11 ways your beauty routine could be harming the planet

It turns out your beauty routine can have a negative impact on the environment. Here's how and what you can do about it.

By Paige Bennett, INSIDER

It turns out your beauty routine can have a negative impact on the environment. But thankfully, there are little steps you make can take to make your beauty routine more environmentally-friendly.

From toxic chemicals to plastics that end up in the landfill, it's time to identify some of the least sustainable parts of your beauty routine.

Taking a long shower wastes water.

Having a concert in the shower is a great start to the day or a nice way to unwind after work. Unfortunately, the longer you spend showering, the more water you are wasting.

Wasted freshwater is a huge problem worldwide and contributes to water shortages and the death of many species.

Your razors are ending up in the landfill.

Disposable razors need to be tossed every one to three weeks. For one person alone, this is a lot of waste. In the US, Statista reported that 163 million people use disposable razors, and according to the EPA, 2 billion of these razors end up in the landfill each year - a huge amount of waste that will never degrade.

Some of your makeup is tested on animals.

While we aren't here to name names, many popular brands still test their products on animals. Companies test products on animals to check for possible side-effects from the ingredients, but according to the Humane Society, these tests are not reliable or necessary. The organization also states that most of the animals are killed after testing.

Animal-derived ingredients are hiding in your makeup.

From crushed beetles to boiled fat to fish scales, there are some seriously suspicious ingredients lurking in many common cosmetics. You can learn more about the various animal-derived ingredients on PETA's website, or shop for brands that clearly label their products as vegan.

The exfoliating microbeads in soaps are harming marine life.

Those tiny, exfoliating beads might feel great on your skin, but they do not feel great when they are ingested by wildlife. The National Oceanic and Atmospheric Administration explains that these beads are made from polyethylene plastic. They wash down the drain and are small enough to pass through filters at wastewater treatment centers, meaning the microbeads end up in lakes and oceans.

Despite their tiny size, microbeads can potentially pick up toxins in the environment and release them when they are digested by animals.

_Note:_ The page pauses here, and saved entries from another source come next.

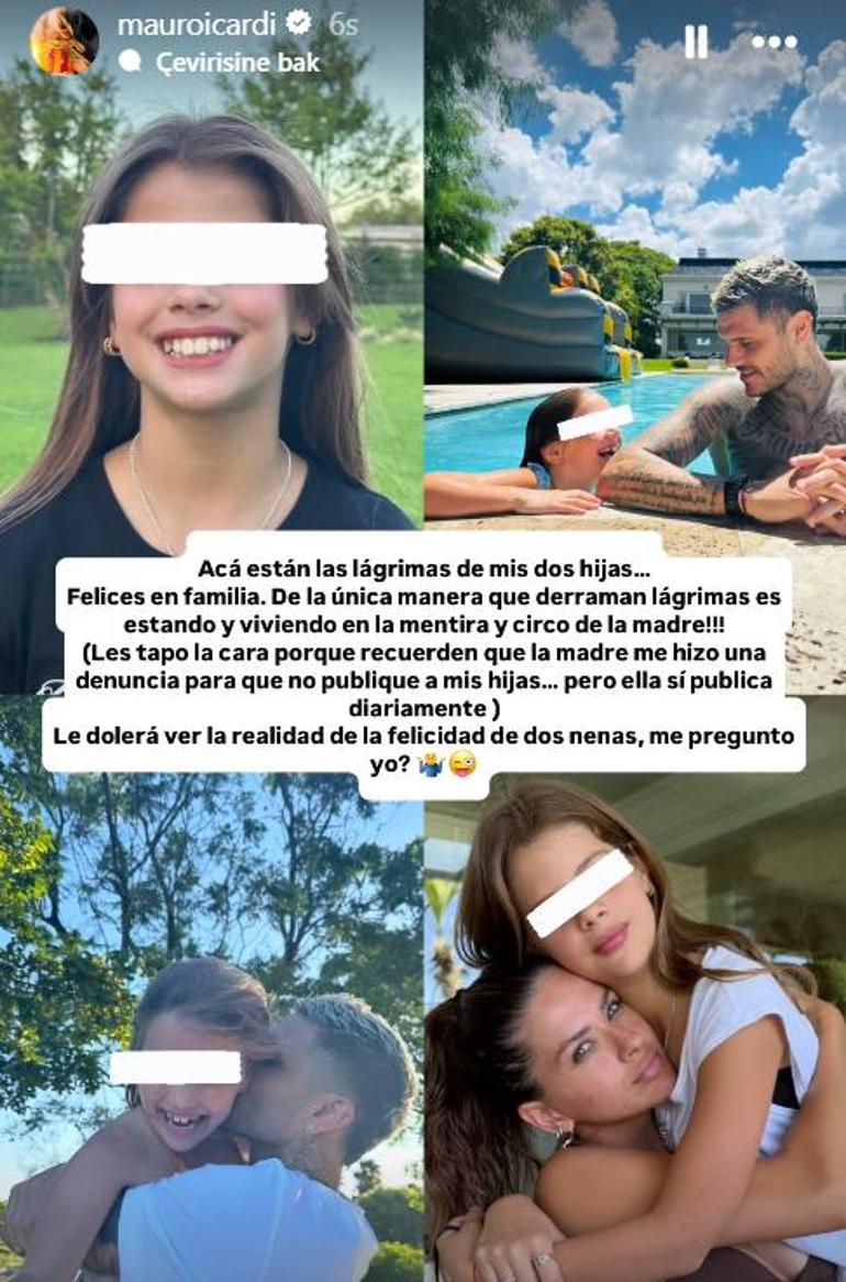 Icardi, paylaşımının sonunda kızlarının gözyaşlarını hatırlatarak, “İşte iki kızımın gözyaşları... Mutlu bir aile. Gözyaşlarının dökülmesinin tek yolu annenin yalanında ve sirkinde olmak ve yaşamaktır! (Yüzlerini kapatıyorum çünkü annelerinin kızlarımı yayınlamamam için şikayette bulunduğunu hatırladıkları için... ama o her gün yayınlıyor)" dedi.
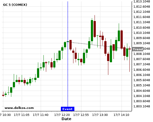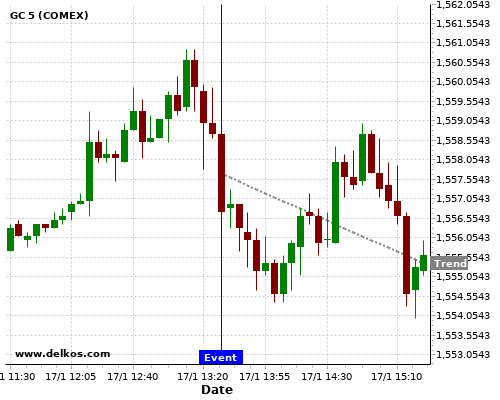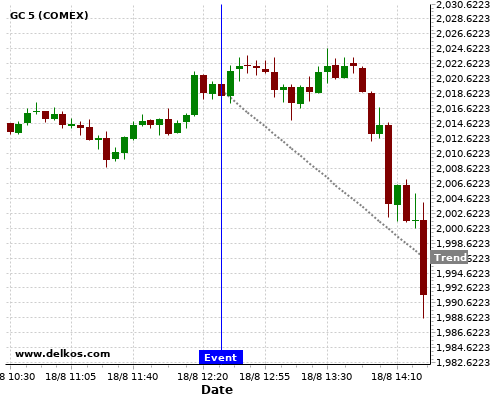 If the number is greater than than economists’ consensus there is a 71.42% probability that GC will trend down following the news event.
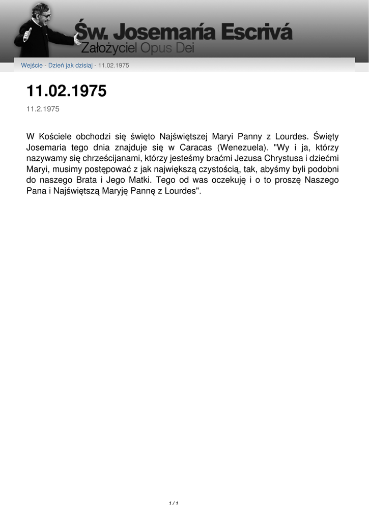 Wejście - Dzień jak dzisiaj - 11.02.1975 11.02.1975 11.2.1975 W Kościele obchodzi się święto Najświętszej Maryi Panny z Lourdes. Święty Josemaria tego dnia znajduje się w Caracas (Wenezuela). "Wy i ja, którzy nazywamy się chrześcijanami, którzy jesteśmy braćmi Jezusa Chrystusa i dziećmi Maryi, musimy postępować z jak największą czystością, tak, abyśmy byli podobni do naszego Brata i Jego Matki. Tego od was oczekuję i o to proszę Naszego Pana i Najświętszą Maryję Pannę z Lourdes". 1/1 Powered by TCPDF (www.tcpdf.org)
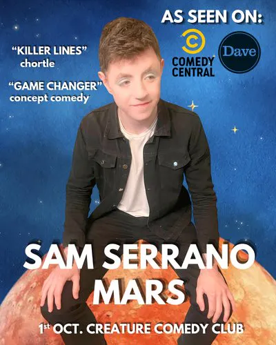 'mars' is the debut tour from star of comedy central & dave, Sam Serrano. In 2020 Sam was the victim of a hate crime and in 2026 they're monetizing on it through the show. Talking about what it means to be unapologetically yourself, where bigotry stems from, and how experiencing hatred can make you a significantly stronger person at the end (there's also a lot of penis jokes, but i wanted to make myself sound like an artist) You can expect an hour of "killer lines" (chortle) from a "game changer of an act" (concept comedy) who has built a reputation on the circuit for being one of the most unique voices in recent years. Tour Support for Tom Stade, Brennan Reece, and Stephen Bailey
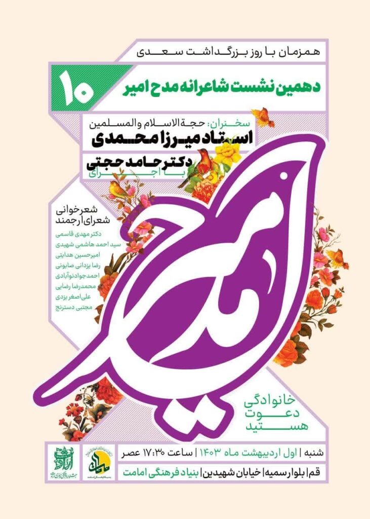دهمین نشست شاعرانه مدح امیر همزمان با روز بزرگداشت سعدی به همت معاونت فرهنگی و تبلیغی بنیاد فرهنگی امامت در قم برگزار می شود.
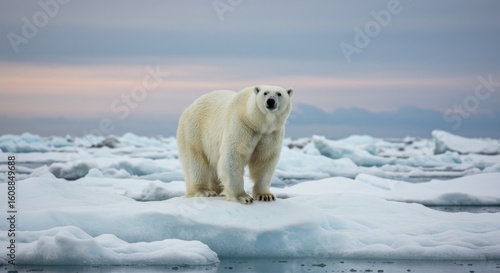 Polar bear stands on ice floe with cloudy sky and ice chunks
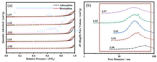 In Table 1, the LSX catalysts are characterized by their BET surface areas (SBET), pore volume (Vp), and average pore size (Dp). Among them, the LS0 sample possesses the smallest surface area of 5.58 m2/g and a corresponding pore volume of 0.05 cm3/g. Through Sr doping, the LSX catalysts exhibit an increasing trend in both surface area and pore volume with the escalating Sr doping amount, while the pore size demonstrates the opposite relationship. The LS5 sample demonstrates the largest surface area of 17.71 m2/g, coupled with a pore volume of 0.11 cm3/g. However, as the Sr doping content further rises (X = 7), LS7 experiences a slight reduction in both surface area and pore volume. This may be due to impurities, such as SrCoOx and SrCO3, which block the catalyst’s pores and affect its textural parameters. Previous studies [29,30] have proposed that optimizing the pore structure by reducing its size can significantly improve gas transport properties and boost catalytic activity. Furthermore, Table 1 reveals that Sr doping significantly increases the mesoporous rate of the catalysts, leading to a larger surface area in the corresponding samples. This larger surface area exposes more active sites, facilitating contact between the catalyst and gas, and thus improving reaction efficiency [31].
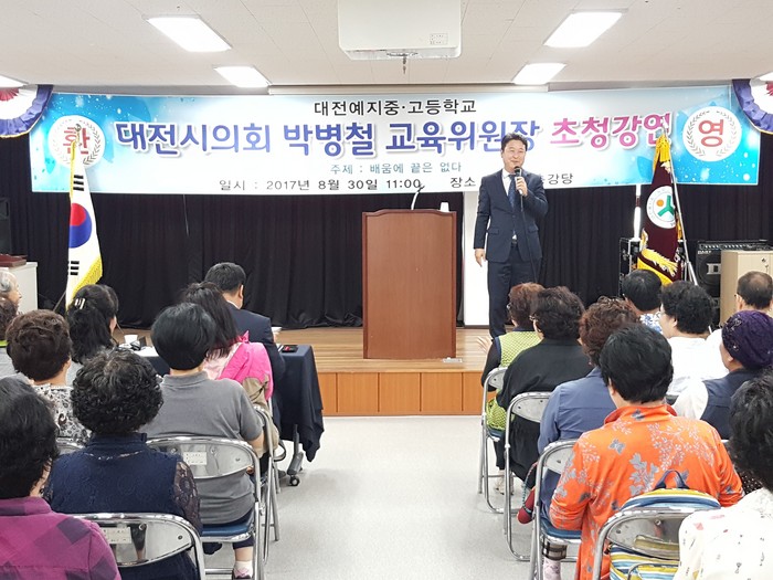 [세계로컬신문 라안일 기자] 대전시의회 박병철 교육위원장(대덕구 3, 더불어민주당)이 지난 30일 대전예지중·고등학교에서 특강을 했다.
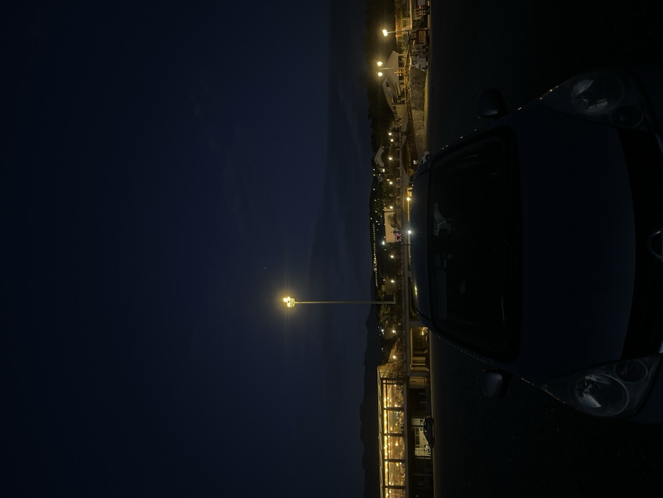 The image depicts an outdoor night scene in Zagora, Montenegro. In the foreground, a dark-colored Nissan vehicle is parked centrally, facing the viewer, with its front end, including headlights and grille, partially visible but largely in shadow. The midground is illuminated by a prominent, tall streetlamp emitting a bright yellow-orange light. To the left of this streetlamp, a large, multi-story building, possibly a commercial establishment or restaurant, is brightly lit from within, revealing numerous windows and structural details. A second, darker vehicle is partially visible near this building. To the right of the main streetlamp, an elevated road or bridge structure is present, extending towards the right edge of the frame. Beyond this structure, multiple smaller buildings and additional streetlights are visible on an ascending landscape. The background features the dark silhouettes of distant mountains or hills against a deep blue-black night sky. No individuals, specific actions, or interactions are discernible within the frame. The scene is static, characterized by artificial lighting against a nocturnal backdrop.
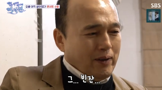 이날 김광규는 남진의 히트곡인 '빈잔' 무대가 펼쳐지자 "실연당하거나 전세 사기를 당했을 때 노래방에서 여러 번 부르고 울었던 곡이다"라며 아픈 사연을 떠올렸다.
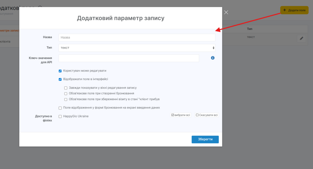 - Виберіть, які додаткові параметри ви хочете додати: параметри запису або дані клієнта, Перейдіть на відповідну вкладку і натисніть кнопку Додати поле.
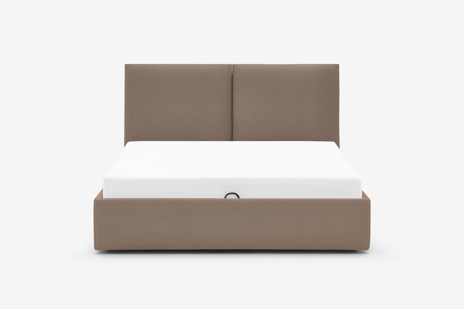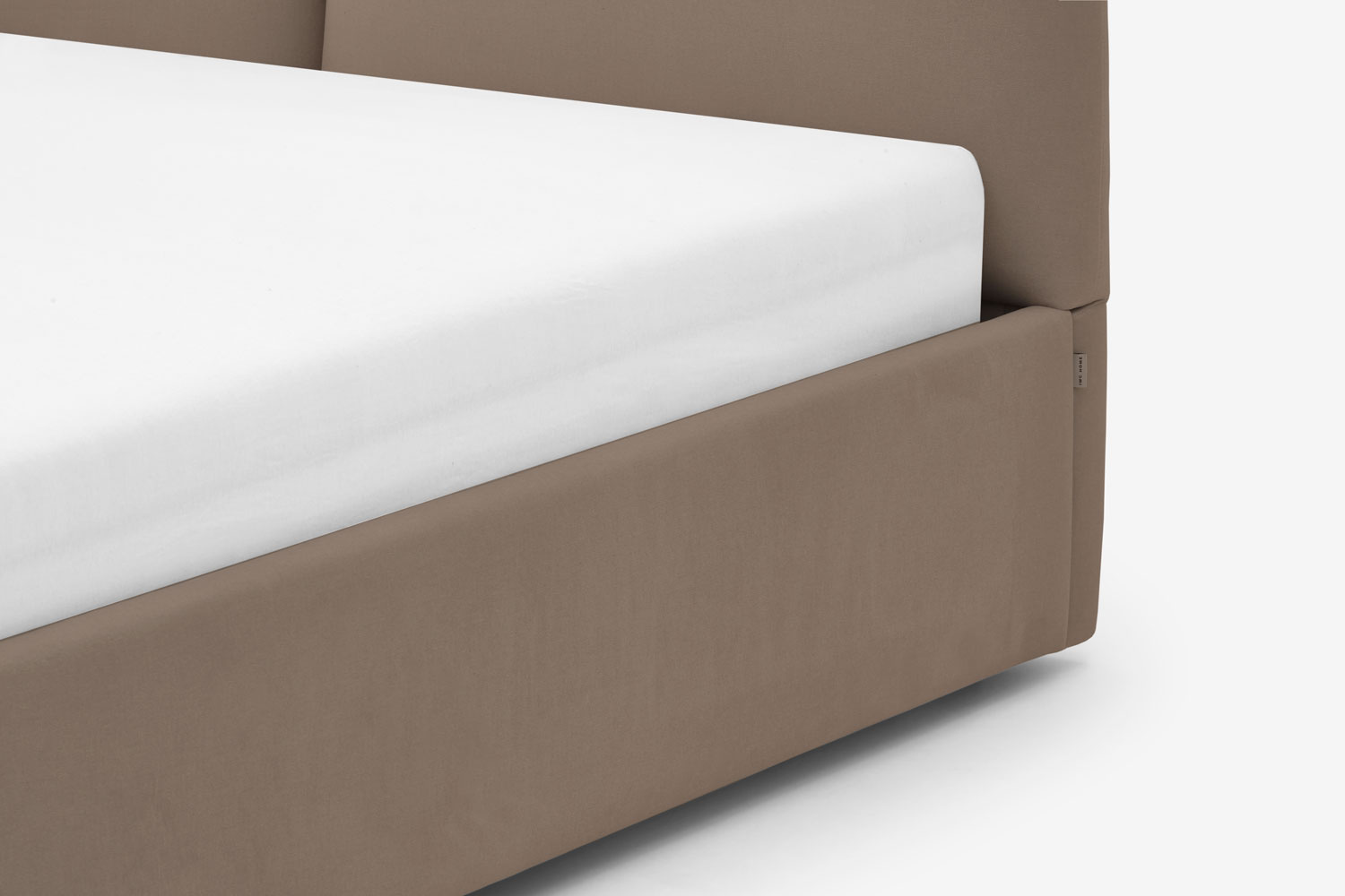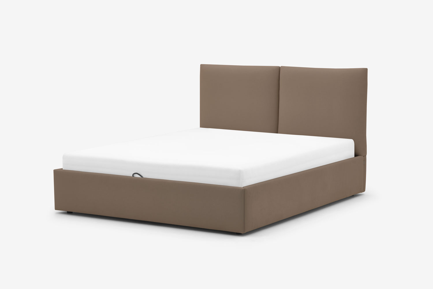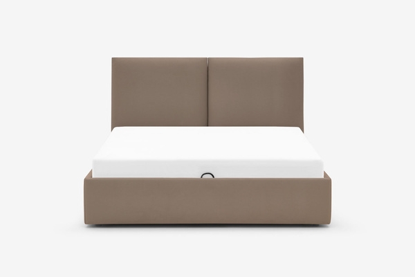 Zaletą łóżka jest wąski zagłówek, dzięki któremu model idealnie pasuje do małych i średnich sypialni. Wezgłowie w formie dwóch poduch oferuje miękkie wsparcie dla pleców i minimalistyczne wykończenie wnętrza.
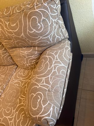 Acogedor sofá de dos plazas,con funda. - Tapicería de tela. - Yo lo tenía con la funda reversible que se muestra (rosa y blanco) o (blanco y rosa) que es super bonita y le da un aspecto muy cálido y bonito como se muestra en las fotos. Incluye tb de cojines de las fotos -Se recoge en Loranca (Fuenlabrada)
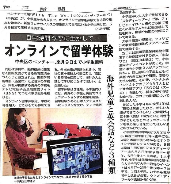æ¥æ¬ã®åŠæ ¡ã«ããªã³ã©ã€ã³Ãåœé亀æµÃæ¢ç©¶åŠç¿ãã®With The Worldã®ããã°ã©ã ãç®æããŠãªã³ã©ã€ã³ã§å¶æ¥æŽ»åãè¡ããŸããã
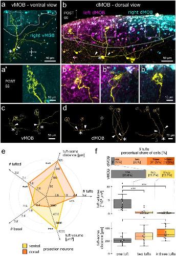 Fig. 6 Different morphology of projection neurons in the vMOB and dMOB of postmetamorphic Xenopus. ORN axonal projections from the olfactory epithelia (both PC and MC) were traced via electroporation of fluorophore-coupled dextrans (left: Cascade Blue dextran, magenta; right: Alexa Fluor 594 dextran, cyan), and projection neurons (yellow) with Alexa Fluor 488 dextran via sparse cell electroporation in the vMOB (a) and dMOB (b). White dotted lines indicate the ORN projections, tufts (white dotted squares in a, b) are shown in a higher magnification in (aâ) (vMOB), (bââbâââ) (dMOB). Reconstructions of representative neurons in the vMOB (c) and dMOB (d) are shown. Asterisks indicate the projection neuron somata, filled white arrowheads primary tufted dendritic branches and empty arrowheads primary basal neurites without tufted terminals. (e) Each radial axis on the radar chart represents a morphological descriptor of the projection neurons. The means of the descriptors of projection neurons in the vMOB (yellow; nâ=â18) and the dMOB (orange; nâ=â16) are shown. Dorsal projection neurons have a higher number of tufts, a longer average distance between soma and tufts and more primary tufted dendrites. Neurons in the vMOB have a significantly higher tuft volume. The number of primary basal neurites is similar between the groups. (f) The stacked barplots depict the percent share of uni-tufted (grey) and multi-tufted projection neurons (yellow, vMOB; orange, dMOB). A higher number of uni-tufted projection neurons was found in the vMOB (>â50%), whileâ>â90% of neurons in the dMOB terminated in at least two tufts, maximally in five tufts. Boxplots: Average tuft volumes (above) and average distance between tufts and somata (below) are compared between uni-tufted neurons (grey, left, nâ=â11), bi-tufted neurons (yellow/orange, middle, nâ=â12) and neurons with three or more tufts (dark yellow/dark orange, right, nâ=â11). White triangles depict the means. Tuft volume decreases with a higher number of tufts, while tuft-soma distance increases. The groups contain neurons from both the vMOB and the dMOB. *pâ<â0.05, **pâ<â0.01, ***pâ<â0.005. A anterior, dMOB dorsal main olfactory bulb, L lateral, M medial, ON olfactory nerve, P posterior, POST postmetamorphosis, vMOB ventral main olfactory bulb, PRE premetamorphosis, PRO prometamorphosis, MET metamorphosis proper, vMOB ventral main olfactory bulb |

While the impact of microbeads on marine life is still uncertain, it's better safe than sorry.

Cleaning ears with cotton swabs is contributing to the global waste crisis.

You probably remember seeing that infamous photo of a seahorse carrying an old cotton swab in its tail. Justin Hofman, the photographer, said, "What started as an opportunity to photograph a cute little seahorse turned into one of frustration and sadness as the incoming tide brought with it countless pieces of trash and sewage. This photo serves as an allegory for the current and future state of our oceans."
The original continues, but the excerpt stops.